## RECORDED DATA
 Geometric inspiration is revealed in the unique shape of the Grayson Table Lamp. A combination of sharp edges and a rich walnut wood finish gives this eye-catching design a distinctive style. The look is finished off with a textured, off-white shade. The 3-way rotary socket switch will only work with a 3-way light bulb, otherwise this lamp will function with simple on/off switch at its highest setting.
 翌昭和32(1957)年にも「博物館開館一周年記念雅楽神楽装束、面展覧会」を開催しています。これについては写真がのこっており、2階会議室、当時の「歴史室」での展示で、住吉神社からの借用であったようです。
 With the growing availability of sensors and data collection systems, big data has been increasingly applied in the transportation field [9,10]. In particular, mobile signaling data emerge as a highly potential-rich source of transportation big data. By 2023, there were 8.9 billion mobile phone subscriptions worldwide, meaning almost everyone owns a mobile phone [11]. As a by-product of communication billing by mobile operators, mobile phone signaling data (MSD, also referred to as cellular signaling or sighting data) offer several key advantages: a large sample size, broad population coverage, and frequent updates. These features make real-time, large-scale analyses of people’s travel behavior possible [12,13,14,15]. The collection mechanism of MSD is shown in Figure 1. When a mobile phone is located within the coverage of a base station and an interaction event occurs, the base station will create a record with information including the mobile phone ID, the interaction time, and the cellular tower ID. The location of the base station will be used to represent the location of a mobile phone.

==

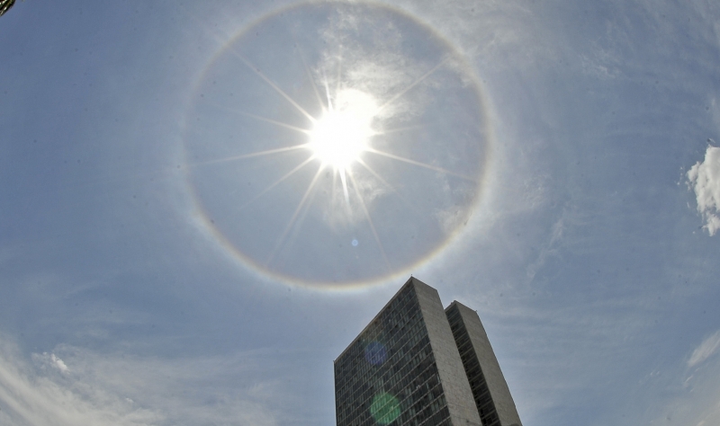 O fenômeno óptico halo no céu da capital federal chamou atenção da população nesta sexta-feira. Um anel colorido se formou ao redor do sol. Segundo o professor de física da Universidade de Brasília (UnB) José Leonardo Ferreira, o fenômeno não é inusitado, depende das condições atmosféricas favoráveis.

## BRIEF
Please output the lines of the listing above that fall in the stretch from the one with "翌昭和32(1957)年にも" through the one with "With the growing", exactly and only those.

## REPLY
 翌昭和32(1957)年にも「博物館開館一周年記念雅楽神楽装束、面展覧会」を開催しています。これについては写真がのこっており、2階会議室、当時の「歴史室」での展示で、住吉神社からの借用であったようです。
 With the growing availability of sensors and data collection systems, big data has been increasingly applied in the transportation field [9,10]. In particular, mobile signaling data emerge as a highly potential-rich source of transportation big data. By 2023, there were 8.9 billion mobile phone subscriptions worldwide, meaning almost everyone owns a mobile phone [11]. As a by-product of communication billing by mobile operators, mobile phone signaling data (MSD, also referred to as cellular signaling or sighting data) offer several key advantages: a large sample size, broad population coverage, and frequent updates. These features make real-time, large-scale analyses of people’s travel behavior possible [12,13,14,15]. The collection mechanism of MSD is shown in Figure 1. When a mobile phone is located within the coverage of a base station and an interaction event occurs, the base station will create a record with information including the mobile phone ID, the interaction time, and the cellular tower ID. The location of the base station will be used to represent the location of a mobile phone.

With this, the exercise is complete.